### [Exercise aim]
When you reach the line with "Thus it appears" in the records below, begin transcribing exactly and continue up to and including the line with "おふたりの大切なマリッジリン", leaving out every picture.
-- The input follows --
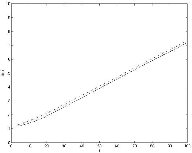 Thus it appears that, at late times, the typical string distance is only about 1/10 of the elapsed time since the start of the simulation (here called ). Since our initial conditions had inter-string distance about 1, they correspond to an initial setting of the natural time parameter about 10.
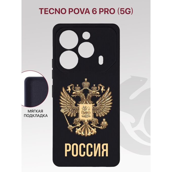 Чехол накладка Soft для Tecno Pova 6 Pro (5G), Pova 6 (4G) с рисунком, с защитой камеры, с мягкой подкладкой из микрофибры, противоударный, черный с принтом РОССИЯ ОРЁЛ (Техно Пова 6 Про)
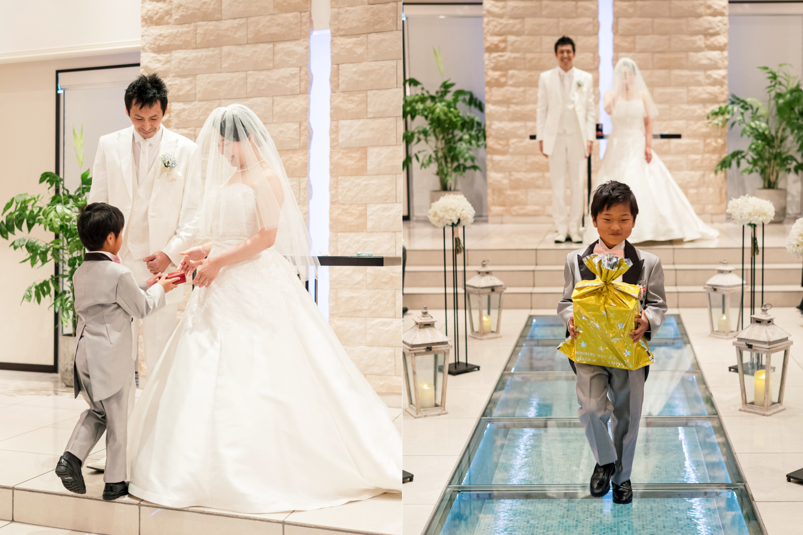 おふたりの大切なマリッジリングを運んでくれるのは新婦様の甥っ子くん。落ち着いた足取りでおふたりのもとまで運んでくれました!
-- The input concluded --
-- The input follows --
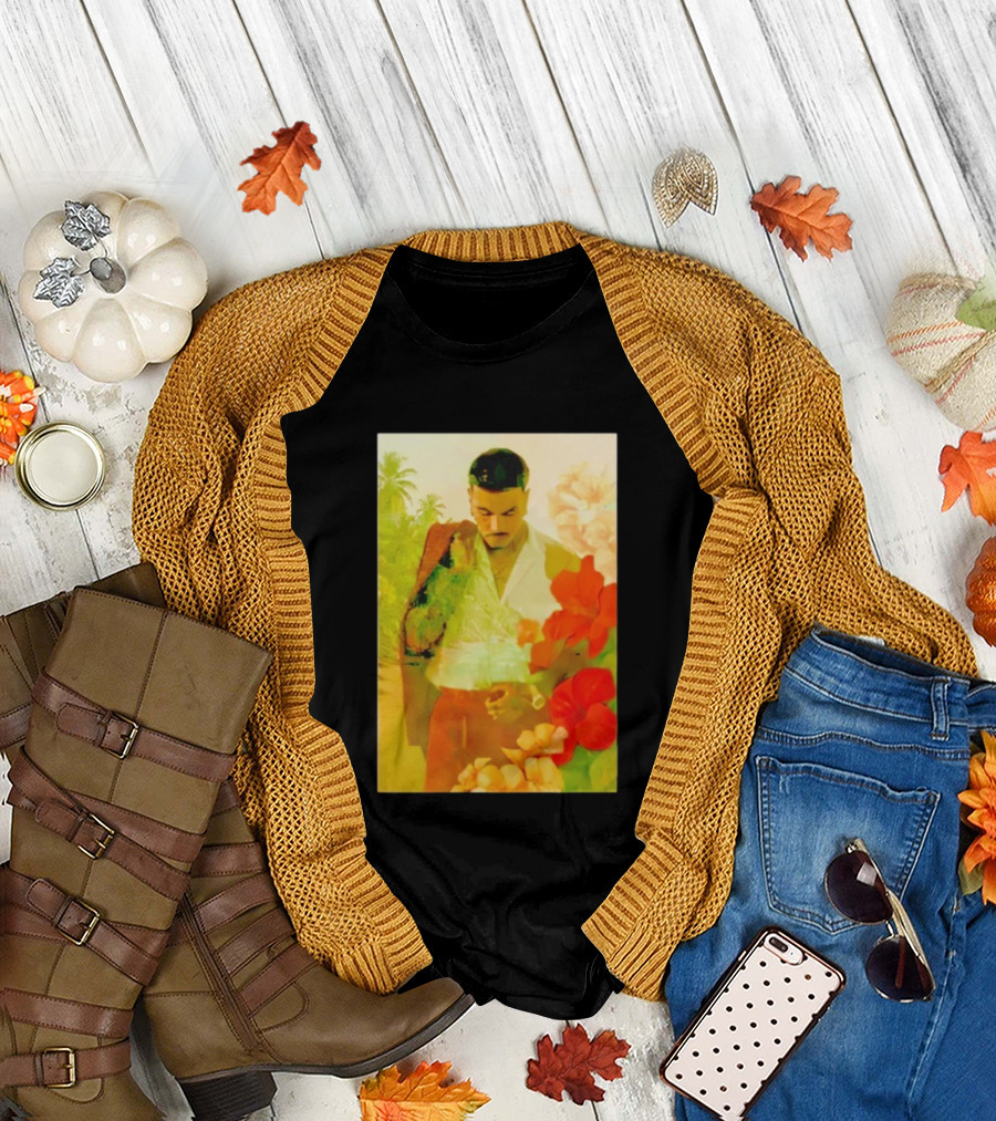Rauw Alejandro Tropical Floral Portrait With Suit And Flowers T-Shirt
-- The input concluded --
### [Reply]
 Thus it appears that, at late times, the typical string distance is only about 1/10 of the elapsed time since the start of the simulation (here called ). Since our initial conditions had inter-string distance about 1, they correspond to an initial setting of the natural time parameter about 10.
 Чехол накладка Soft для Tecno Pova 6 Pro (5G), Pova 6 (4G) с рисунком, с защитой камеры, с мягкой подкладкой из микрофибры, противоударный, черный с принтом РОССИЯ ОРЁЛ (Техно Пова 6 Про)
 おふたりの大切なマリッジリングを運んでくれるのは新婦様の甥っ子くん。落ち着いた足取りでおふたりのもとまで運んでくれました!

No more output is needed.